*Dataset content*.
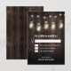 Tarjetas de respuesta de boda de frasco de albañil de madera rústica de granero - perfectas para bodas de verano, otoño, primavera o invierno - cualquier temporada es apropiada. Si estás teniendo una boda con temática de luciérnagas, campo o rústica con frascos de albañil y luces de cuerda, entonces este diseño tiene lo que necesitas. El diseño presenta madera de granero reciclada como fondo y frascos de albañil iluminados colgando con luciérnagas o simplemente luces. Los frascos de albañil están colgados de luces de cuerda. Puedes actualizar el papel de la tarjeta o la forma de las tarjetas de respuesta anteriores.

---

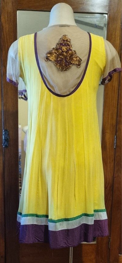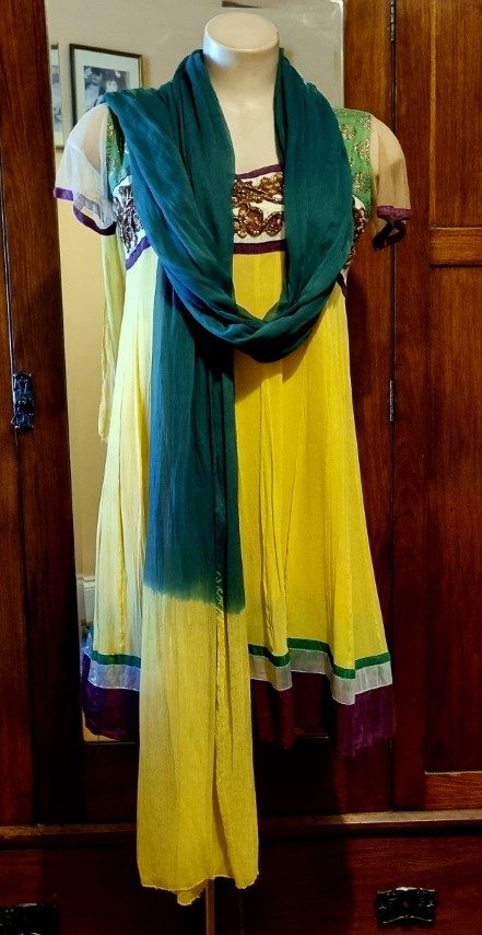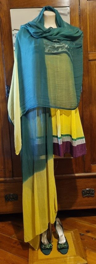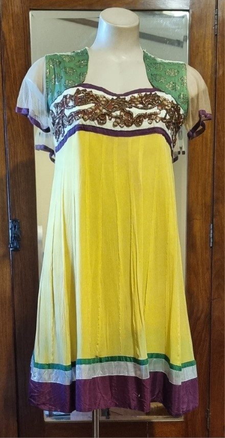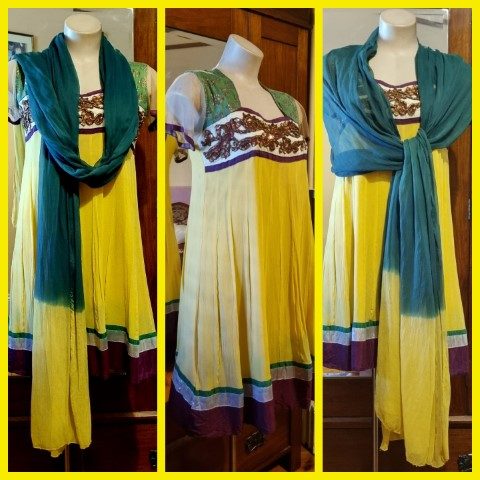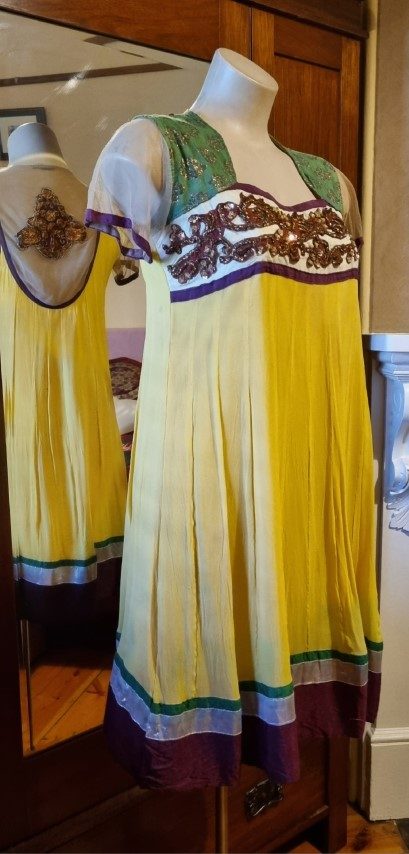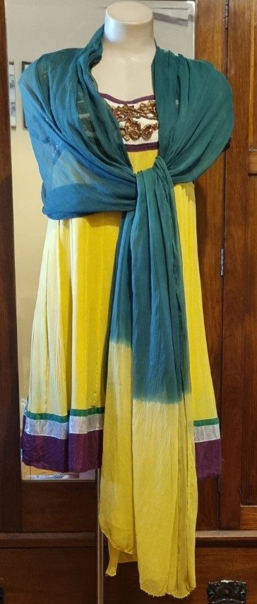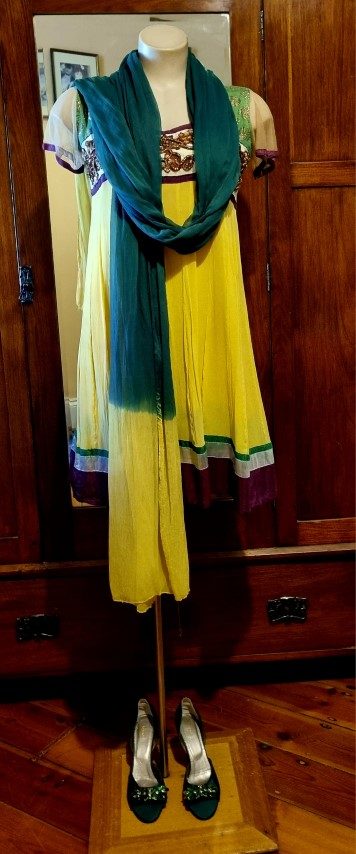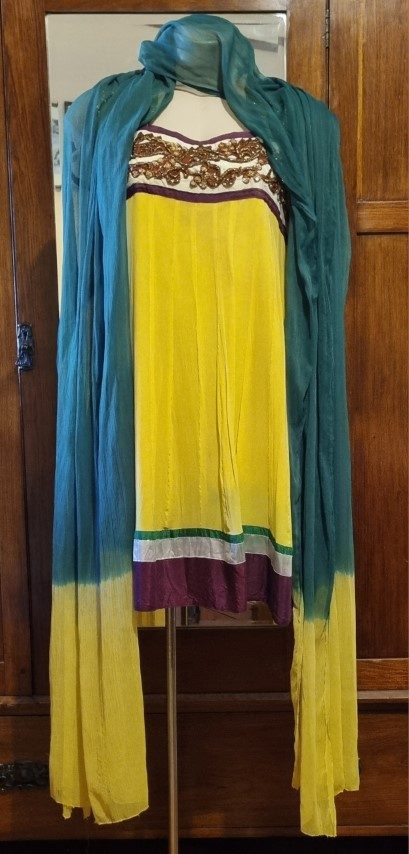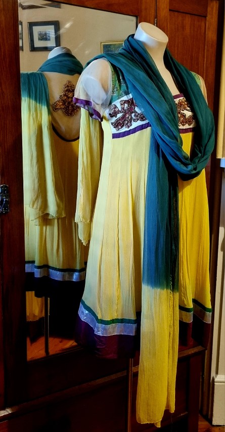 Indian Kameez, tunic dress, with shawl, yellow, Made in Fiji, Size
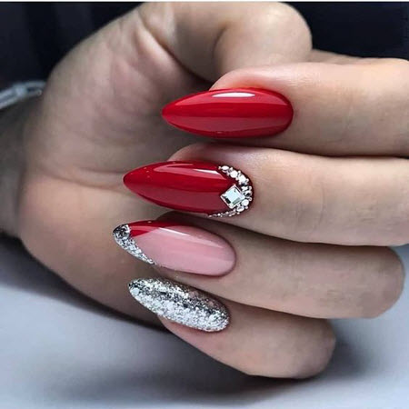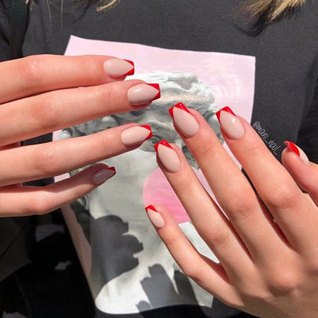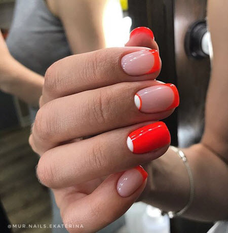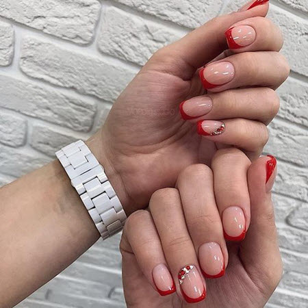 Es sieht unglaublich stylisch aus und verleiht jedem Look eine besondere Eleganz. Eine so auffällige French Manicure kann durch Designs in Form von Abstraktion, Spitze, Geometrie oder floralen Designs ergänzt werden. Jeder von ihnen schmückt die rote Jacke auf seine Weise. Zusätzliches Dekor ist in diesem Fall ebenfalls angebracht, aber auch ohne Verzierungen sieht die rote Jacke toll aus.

*Task requirements*. Find the line with "Indian Kameez, tunic" and the line with "Es sieht unglaublich" in the records above. Copy both and all lines between them exactly, without pictures.

*Exercise response*.
 Indian Kameez, tunic dress, with shawl, yellow, Made in Fiji, Size
 Es sieht unglaublich stylisch aus und verleiht jedem Look eine besondere Eleganz. Eine so auffällige French Manicure kann durch Designs in Form von Abstraktion, Spitze, Geometrie oder floralen Designs ergänzt werden. Jeder von ihnen schmückt die rote Jacke auf seine Weise. Zusätzliches Dekor ist in diesem Fall ebenfalls angebracht, aber auch ohne Verzierungen sieht die rote Jacke toll aus.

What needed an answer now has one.